Given records:

------------------------------------

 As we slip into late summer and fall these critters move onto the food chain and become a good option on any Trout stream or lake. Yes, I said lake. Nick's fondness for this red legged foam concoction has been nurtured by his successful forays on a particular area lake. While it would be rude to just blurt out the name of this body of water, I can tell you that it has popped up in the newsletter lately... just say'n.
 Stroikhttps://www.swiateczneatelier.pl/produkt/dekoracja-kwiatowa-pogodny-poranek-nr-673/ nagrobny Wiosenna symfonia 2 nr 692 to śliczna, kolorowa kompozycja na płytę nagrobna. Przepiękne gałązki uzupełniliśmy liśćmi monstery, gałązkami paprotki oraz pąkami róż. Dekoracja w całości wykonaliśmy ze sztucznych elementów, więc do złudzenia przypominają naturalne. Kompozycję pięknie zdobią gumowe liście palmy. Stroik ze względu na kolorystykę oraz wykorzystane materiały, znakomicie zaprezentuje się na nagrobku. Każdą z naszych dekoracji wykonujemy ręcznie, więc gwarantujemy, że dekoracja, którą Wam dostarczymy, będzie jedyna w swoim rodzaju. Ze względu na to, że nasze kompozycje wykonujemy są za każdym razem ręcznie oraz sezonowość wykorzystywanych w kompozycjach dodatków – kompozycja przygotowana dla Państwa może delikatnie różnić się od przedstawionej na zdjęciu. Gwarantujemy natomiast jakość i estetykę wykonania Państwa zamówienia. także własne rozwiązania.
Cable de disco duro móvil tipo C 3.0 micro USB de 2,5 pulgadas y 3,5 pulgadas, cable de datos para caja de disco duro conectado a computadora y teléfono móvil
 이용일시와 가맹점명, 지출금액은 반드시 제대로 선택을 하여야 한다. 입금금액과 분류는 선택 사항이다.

------------------------------------

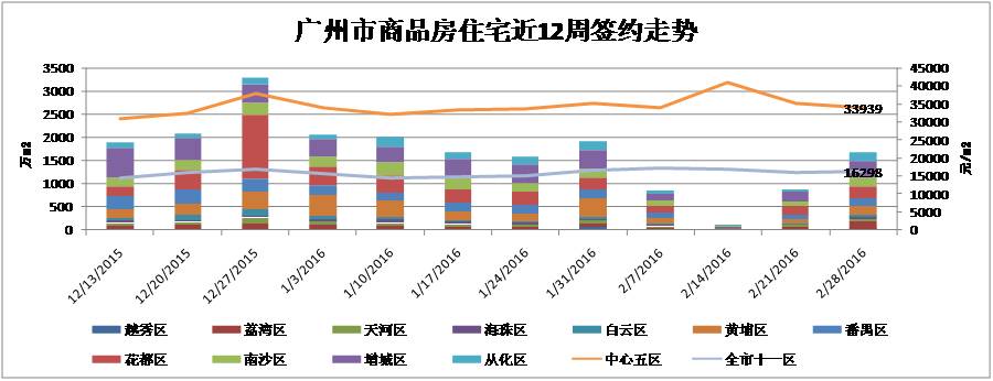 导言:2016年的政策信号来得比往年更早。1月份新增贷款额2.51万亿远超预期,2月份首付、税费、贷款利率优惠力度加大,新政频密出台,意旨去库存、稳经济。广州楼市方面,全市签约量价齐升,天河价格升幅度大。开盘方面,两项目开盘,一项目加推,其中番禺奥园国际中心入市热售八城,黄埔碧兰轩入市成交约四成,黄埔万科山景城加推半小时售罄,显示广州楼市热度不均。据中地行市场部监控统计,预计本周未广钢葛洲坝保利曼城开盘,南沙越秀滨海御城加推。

------------------------------------

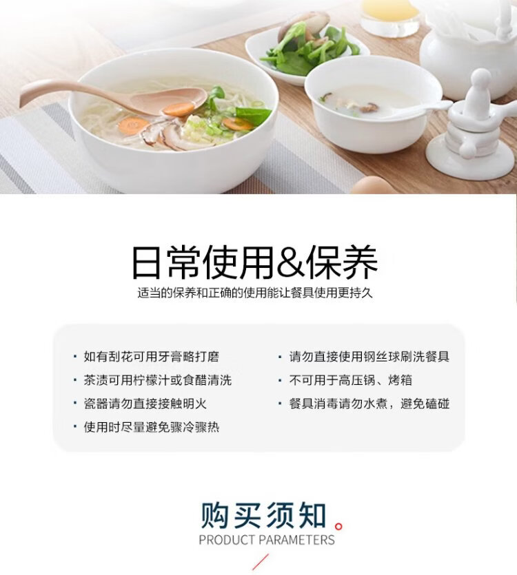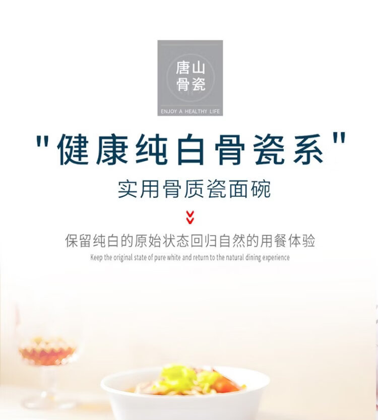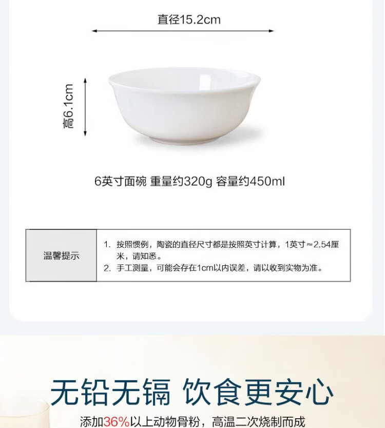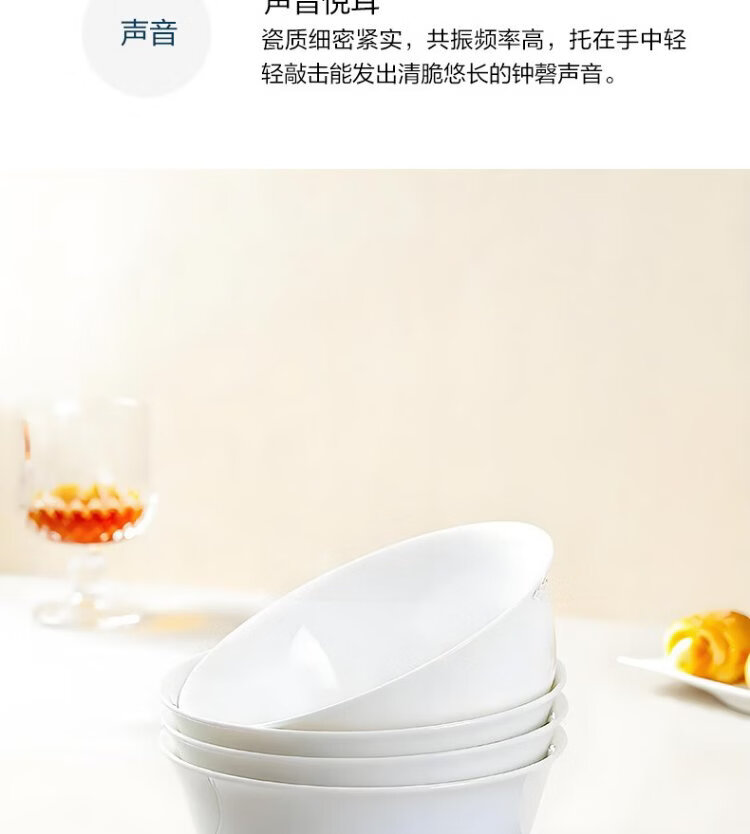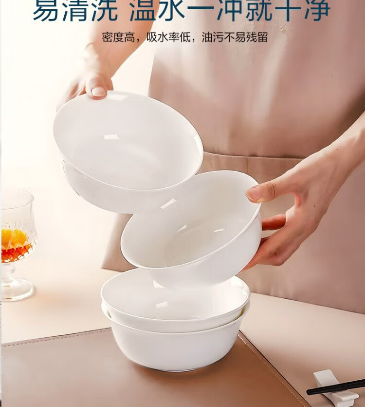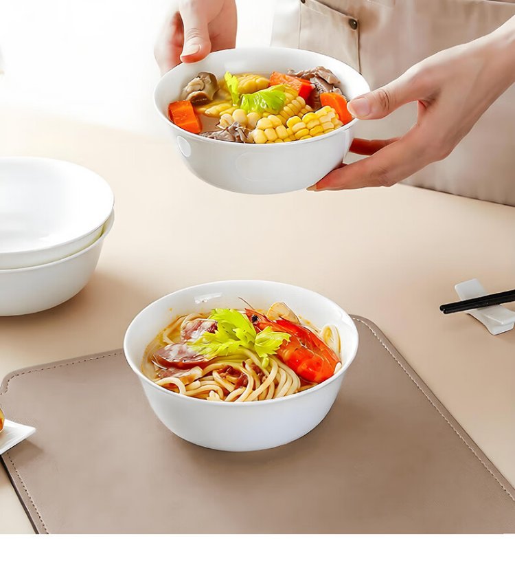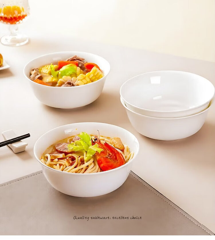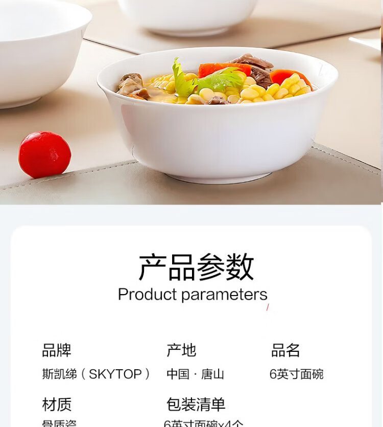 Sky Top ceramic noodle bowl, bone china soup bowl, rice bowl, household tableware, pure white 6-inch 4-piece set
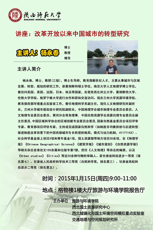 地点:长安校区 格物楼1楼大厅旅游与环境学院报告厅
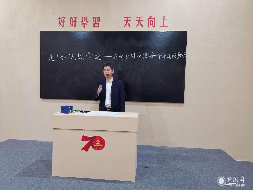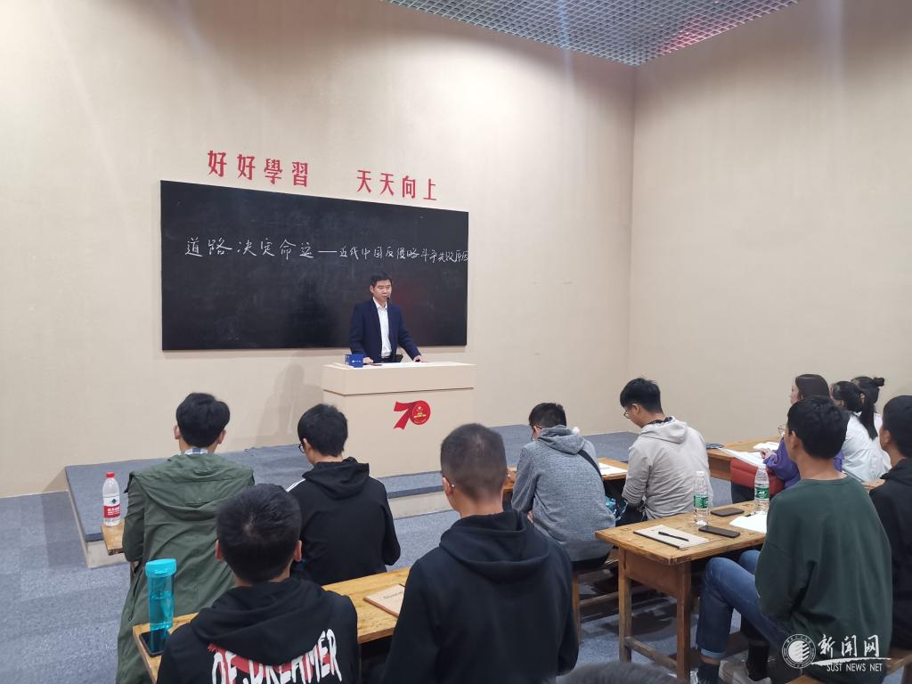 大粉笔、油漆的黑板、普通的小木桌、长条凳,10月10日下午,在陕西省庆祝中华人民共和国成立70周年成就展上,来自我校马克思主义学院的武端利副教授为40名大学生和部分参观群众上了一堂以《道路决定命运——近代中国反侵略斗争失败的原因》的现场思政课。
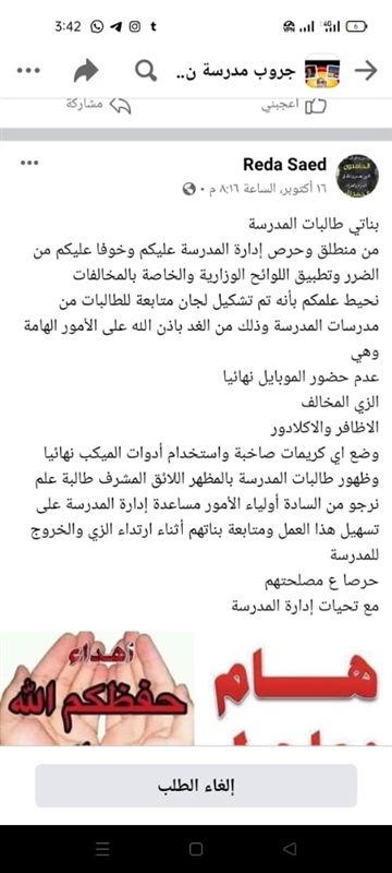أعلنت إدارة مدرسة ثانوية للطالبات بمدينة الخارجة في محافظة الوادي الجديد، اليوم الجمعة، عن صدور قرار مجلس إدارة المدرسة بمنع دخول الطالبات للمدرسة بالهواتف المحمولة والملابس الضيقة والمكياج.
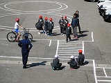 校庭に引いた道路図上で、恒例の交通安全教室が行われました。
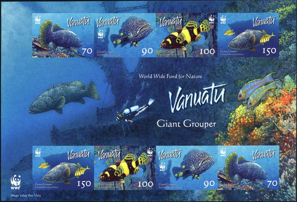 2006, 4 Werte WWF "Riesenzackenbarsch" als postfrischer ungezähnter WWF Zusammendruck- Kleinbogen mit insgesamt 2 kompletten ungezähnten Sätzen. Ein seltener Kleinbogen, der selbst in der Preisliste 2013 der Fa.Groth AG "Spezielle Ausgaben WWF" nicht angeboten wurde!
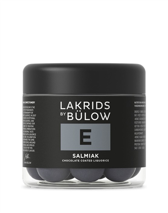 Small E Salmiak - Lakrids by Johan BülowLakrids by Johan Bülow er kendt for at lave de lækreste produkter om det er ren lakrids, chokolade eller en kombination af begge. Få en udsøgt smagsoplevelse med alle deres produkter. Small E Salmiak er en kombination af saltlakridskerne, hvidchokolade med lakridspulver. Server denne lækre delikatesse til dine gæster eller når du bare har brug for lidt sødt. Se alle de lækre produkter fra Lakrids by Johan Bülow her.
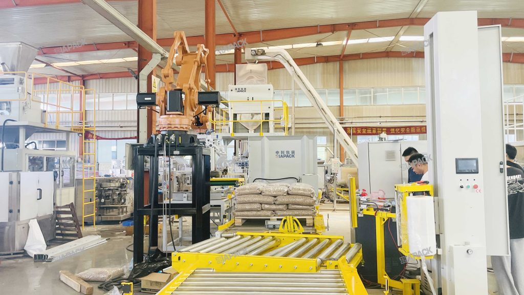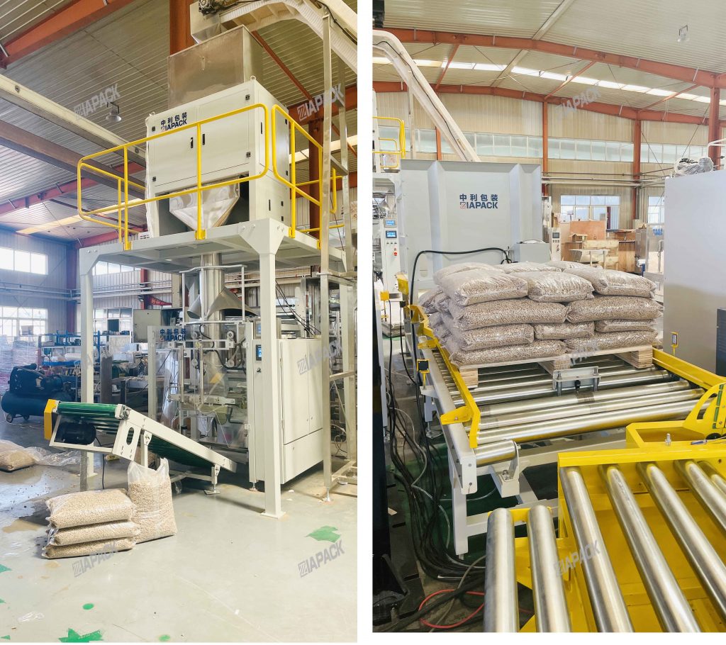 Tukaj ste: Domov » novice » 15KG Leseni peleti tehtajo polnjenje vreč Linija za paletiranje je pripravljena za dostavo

------------------------------------

Print exactly the lines above that run from the one with "大粉笔、油漆的黑板、普通的小" down to the one with "Small E Salmiak - Lakrids", and omit the pictures.

Exercise output:
 大粉笔、油漆的黑板、普通的小木桌、长条凳,10月10日下午,在陕西省庆祝中华人民共和国成立70周年成就展上,来自我校马克思主义学院的武端利副教授为40名大学生和部分参观群众上了一堂以《道路决定命运——近代中国反侵略斗争失败的原因》的现场思政课。
أعلنت إدارة مدرسة ثانوية للطالبات بمدينة الخارجة في محافظة الوادي الجديد، اليوم الجمعة، عن صدور قرار مجلس إدارة المدرسة بمنع دخول الطالبات للمدرسة بالهواتف المحمولة والملابس الضيقة والمكياج.
 校庭に引いた道路図上で、恒例の交通安全教室が行われました。
 2006, 4 Werte WWF "Riesenzackenbarsch" als postfrischer ungezähnter WWF Zusammendruck- Kleinbogen mit insgesamt 2 kompletten ungezähnten Sätzen. Ein seltener Kleinbogen, der selbst in der Preisliste 2013 der Fa.Groth AG "Spezielle Ausgaben WWF" nicht angeboten wurde!
 Small E Salmiak - Lakrids by Johan BülowLakrids by Johan Bülow er kendt for at lave de lækreste produkter om det er ren lakrids, chokolade eller en kombination af begge. Få en udsøgt smagsoplevelse med alle deres produkter. Small E Salmiak er en kombination af saltlakridskerne, hvidchokolade med lakridspulver. Server denne lækre delikatesse til dine gæster eller når du bare har brug for lidt sødt. Se alle de lækre produkter fra Lakrids by Johan Bülow her.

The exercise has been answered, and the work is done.